Tasteless but still funny




Still missing the 2nd half of that thing


Oh, I didn’t post it, the first par. is really the crux of it all.


From the BD6 department

My girlfriend and I had sex a couple of days ago.
She looked at me and said, “Turn the light off and stick it in my butt”.
I guess I should have waited for the bulb to cool off first.


Admin, if this should be in sports, Just PM me I can move it.
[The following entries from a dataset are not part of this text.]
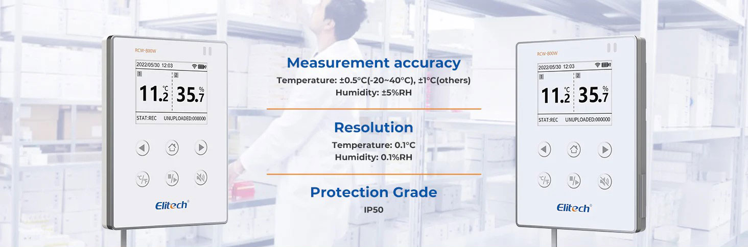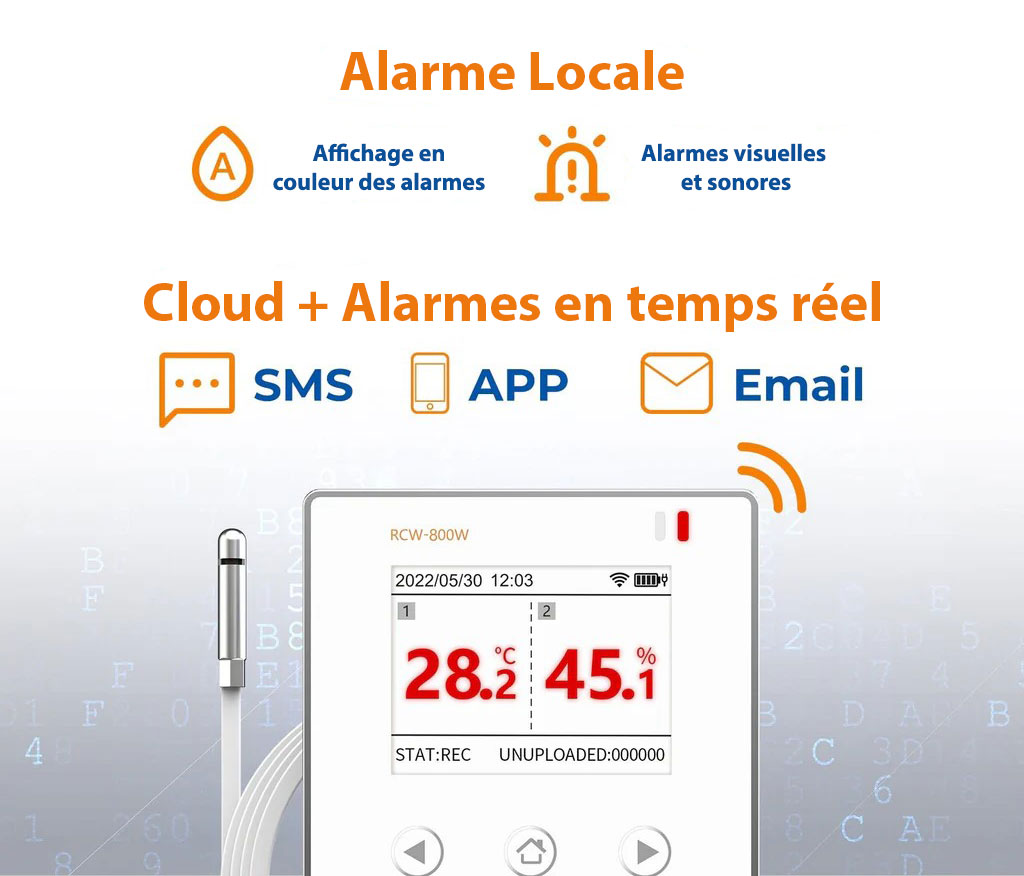 RCW-800-THE Enregistreur de température humidité Wifi connecté avec alarmes en temps réel
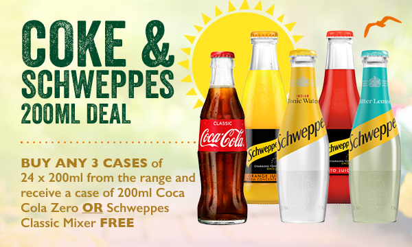 Coke & Schweppes 200ml Deal Buy any 3 cases of 24 x 200ml from the range receive a case of 200ml Coca Cola Zero OR Schweppes Classic Mixer free
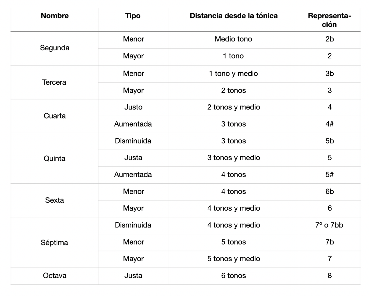 Clasificación de los intervalos

I’m a scientist who’s researching bestiality between humans and dogs…
If you’d like more details, I’ll be in my lab.


I hate Hitler jokes
They take me out of mein kampfort zone.



Didn’t know what a Mondeo was so


If you don’t know what to wear, just come in your jeans



So what’s wet on the inside
hairy on the outside
starts with a "c"
ends with a "t"
and has a “u” and a “n” in between?









A coconut



My kid and I were in a very crowded public restroom at a sporting arena, after looking to the man using the urinal to his right, my 6 year old son turns to address me on his left and exclaims…
"Daddy, that man’s wiener is a lot bigger than yours!"
The whole bathroom heard and looked immediately at me.
So I put my hand around my kid and told him, "Well son, that’s because daddy isn’t aroused by men.”
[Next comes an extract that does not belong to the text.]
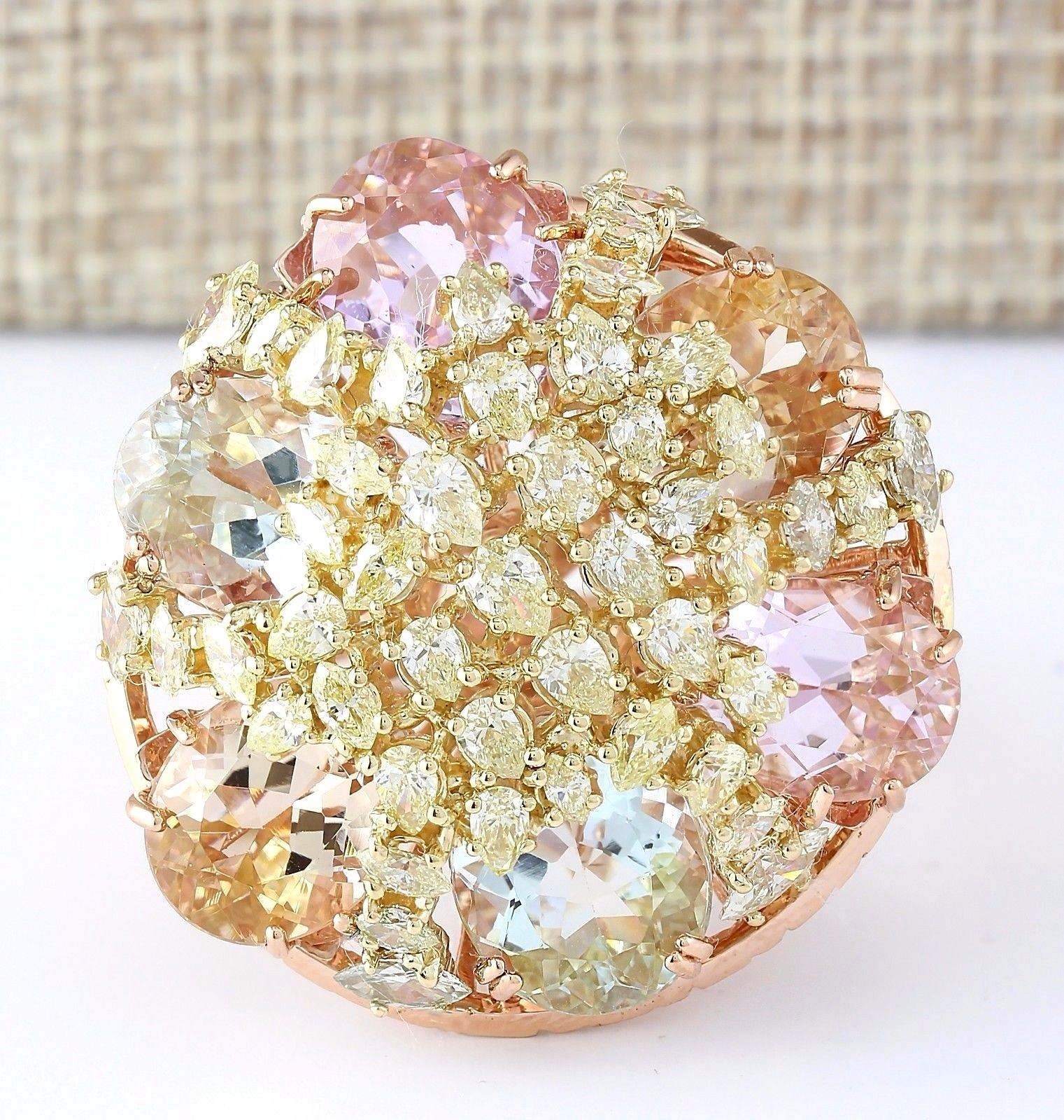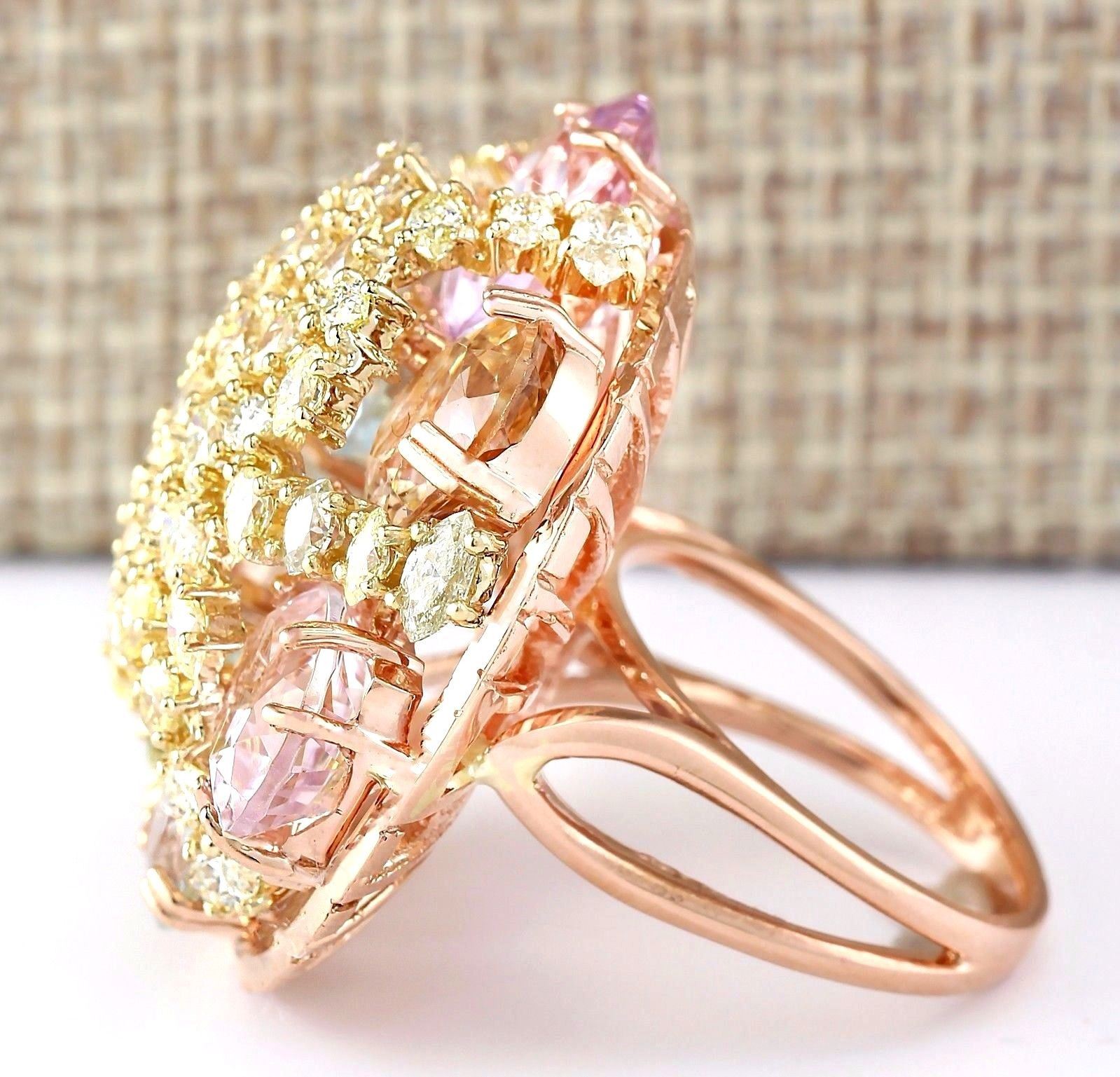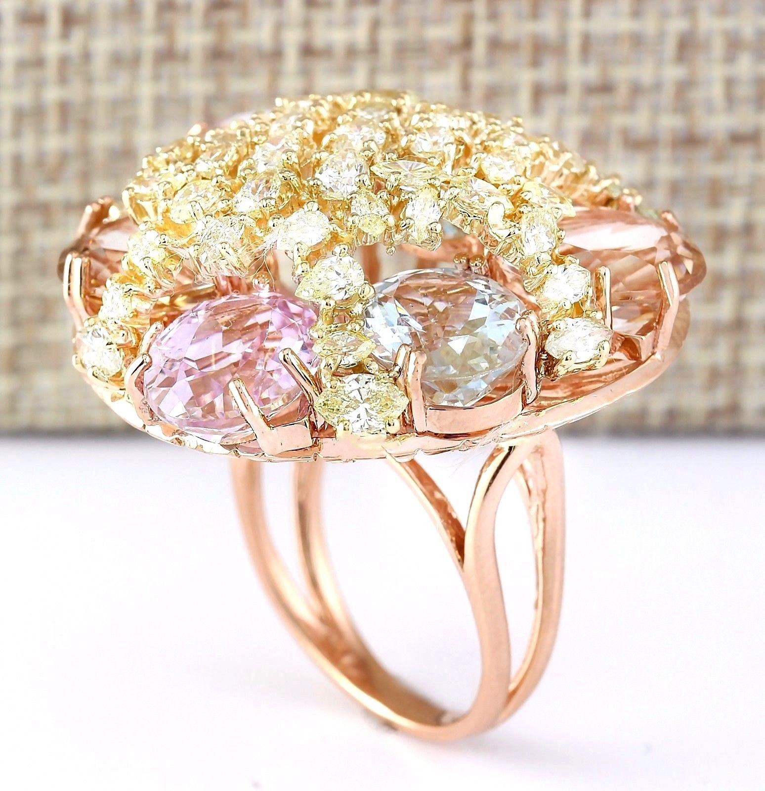 25.36 CTW Natural Multi Stone Morganite Kunzite Diamond Ring In 14k Rose Gold
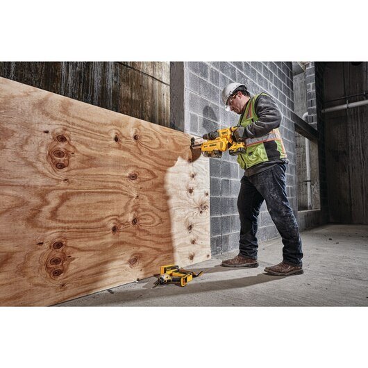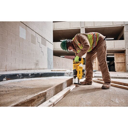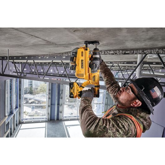 The DCH263R2DH 20V MAX* XR® Brushless 1-1/8 in. SDS Plus D-Handle Rotary Hammer Kit with onboard dust extraction is a light weight, low vibration, high-performance drill designed for the demands of today"s contractor. The durable three mode German engineered mechanism delivers 3.0 joules of impact energy that delivers fast speed of application that professionals require. This allows the DCH263R2 Hammer to perform quickly in chipping applications and have a wide optimal drilling range between 1/4 in. and 3/4in. The DCH263R2DH kit features the 6.0 Ah DCB206 battery pack for extreme runtime. SHOCKS-Active Vibration Control® system reduces vibration felt at the handles, compared to hammers without this feature. With its hard-hitting mechanism, fast drilling speed, long run time and balanced design, this hammer is ideally suited for all day use, even with large diameter hole drilling in the hardest concrete. The DCH263R2DH features the OSHA Table 1 Compliant DWH205DH; This dust extraction system features a powerful built in motor for increased suction and high-performance drilling. The two second power-off delay ensures that dust extraction continues after drill is switched off. The DWH205DH features three nozzle heads for maximum dust collection during the application. The included nozzles are tuned for up to 1 in. diameter bits, all stop bits up to 1.5 in. shoulder and small diameter up to 1/2 in. This dust extractor allows for bit lengths up to 10 in. in overall length for drilling applications. This allows users to install a wide range of anchors including pinch nails, rod hanging systems like dropins, large diameter sleeve, stud/wedge, and screw anchors. This unit includes an OSHA 1926.1153-compliant Dust Box Assembly. Equipped with a filter cleaning mechanism and a HEPA filter, it removes 99.97% of airborne particles 0.3 microns or greater.

A woman in the news had to have a canister of perfume removed from her rectum. It was Chanel No. 2.


Man: Hello 911? My wife and I have been in an accident and she hit the windshield.

911: How’s her head?

Man: Not bad, but her sister’s better.





What do broccoli and anal sex have in common?
If you were forced to try it as a kid, you probably don’t like it as an adult.